Aquila had been a high-flying Kansas City company that had been a regulated utility. It jumped into unregulated businesses that included energy trading and “merchant” power plants that were free to sell power around the country for higher profits.
The company’s results, after some initial years of prosperity, were disastrous — especially once the unraveling of the much larger company Enron collapsed the unregulated energy trading sector.
Aquila stock, worth $37.85 a share in 2002, four years later had sunk to $4 after Aquila posted billions of dollars in losses. The company didn’t declare bankruptcy but liquidated the business, often at bargain prices.
One of those assets was the Crossroads power plant near Clarksdale, Miss., which was a merchant plant and the kind of complex deal Aquila liked to cobble together. Technically, the 300-megawatt plant fueled with natural gas is owned by the city of Clarksdale, which allows it to avoid some taxes. Revenue bonds were also raised to pay for the facility built in 2002.
But essentially it was an Aquila enterprise, with Aquila covering the plant’s operating costs. Aquila signed a 30-year contract to buy all the plant’s electricity capacity. The same business relationship exists with KCP&L.
“It’s been OK with us, it’s been OK with them,” said Bill Luckett, the mayor of Clarksdale.
KCP&L at first tried to sell the plant. Then it decided that instead of selling the electricity on the open market, it wanted to include the plant in the rates charged to customers in the former Aquila electric territory.
The Missouri Public Service Commission, against the advice of its staff, approved the request to include the plant in rates. And in an unusually worded order, it seemed to throw a lifeline to KCP&L.
It described the plant as a relic of Aquila’s tortured history, which raised the question of how long regulators should “visit the sins of the predecessor (Aquila) on the successor (KCP&L).”

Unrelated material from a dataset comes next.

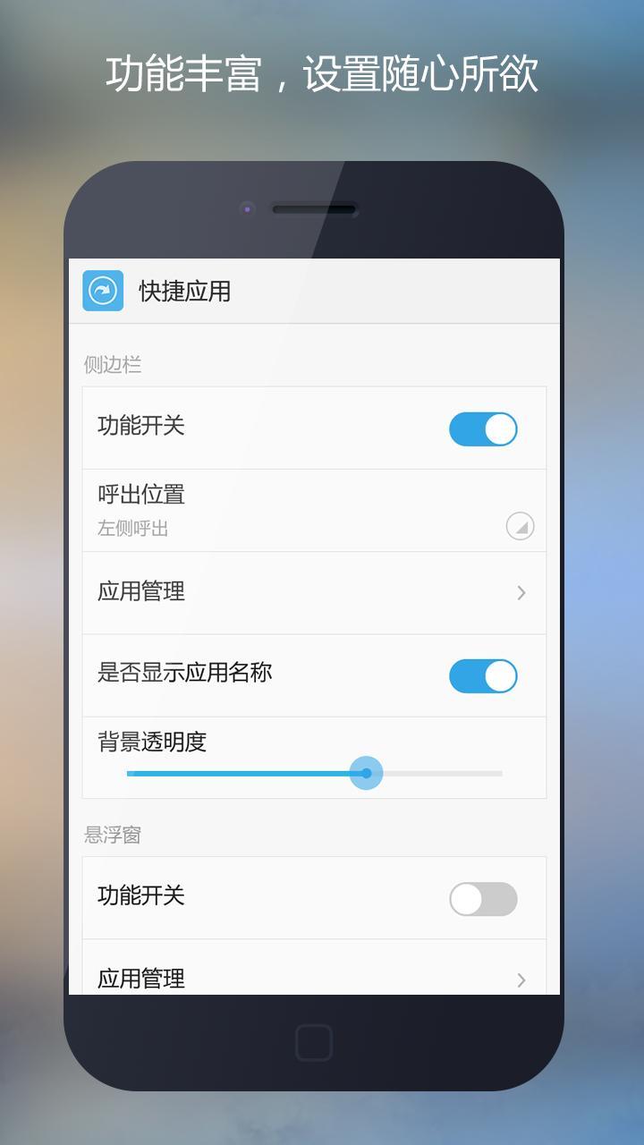 快捷应用是为用户量身定制的一款系统工具,可以在应用设置里面把你经常使用的应用添加到侧边栏里,每次通过呼出侧边栏来打开应用程序,它可以减少操作步骤,提供快捷方便的使用方式,随时随地任意开启应用,操作简单,使用便捷。

But the commission refused to let the utility collect the transmission costs, saying they would far outweigh the benefits of the plant as a low-cost producer. It added there were other options to provide electricity that would be less costly for the utility’s customers.
KCP&L believes power from the plant, even including transmission costs, is cheaper than other in-state options.

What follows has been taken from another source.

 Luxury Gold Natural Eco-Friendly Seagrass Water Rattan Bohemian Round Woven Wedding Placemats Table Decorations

“The facility benefits our customers in two ways: price and reliability,” the company said in an email response to questions.
The case hinges in part on the doctrine that interstate transmission rates approved by a federal agency are considered just and reasonable.
Another issue is the U.S. Constitution’s Supremacy Clause, which allows the federal government to trump state authority. It can come into play when federal law explicitly pre-empts state law, in areas when federal law is pervasive or when there is a conflict between federal and state laws.
Richard Levy, the J.B. Smith distinguished professor of constitutional law at the University of Kansas, said state regulators can believe they are in the best position to determine what is in the best interest of utility customers, but federal prerogatives and interest in interstate transmission of electricity will be important in the KCP&L case.
“I do feel there is a question lurking in the background about how much (the selling of electricity) is a national business,” he said.
So far, Missouri regulators in a state circuit court and court of appeals have won the argument. They acknowledged the doctrine that rates approved by the Federal Energy Regulatory Commission are deemed just and reasonable. But they argued what is unreasonable is having ratepayers cover the cost of sending electricity 500 miles from Mississippi to Missouri.
Two previous Supreme Court rulings slapped down states that tried to stop the recovery of transmission costs approved by the federal agency. But Missouri argued that those cases are different because they involved federal mandates to import the electricity. KCP&L’s decision was voluntary.
“We have no difficulty understanding the basis for the PSC’s decision to disallow the excessive transmission costs from recovery of rates,” the Missouri Court of Appeals said in its ruling.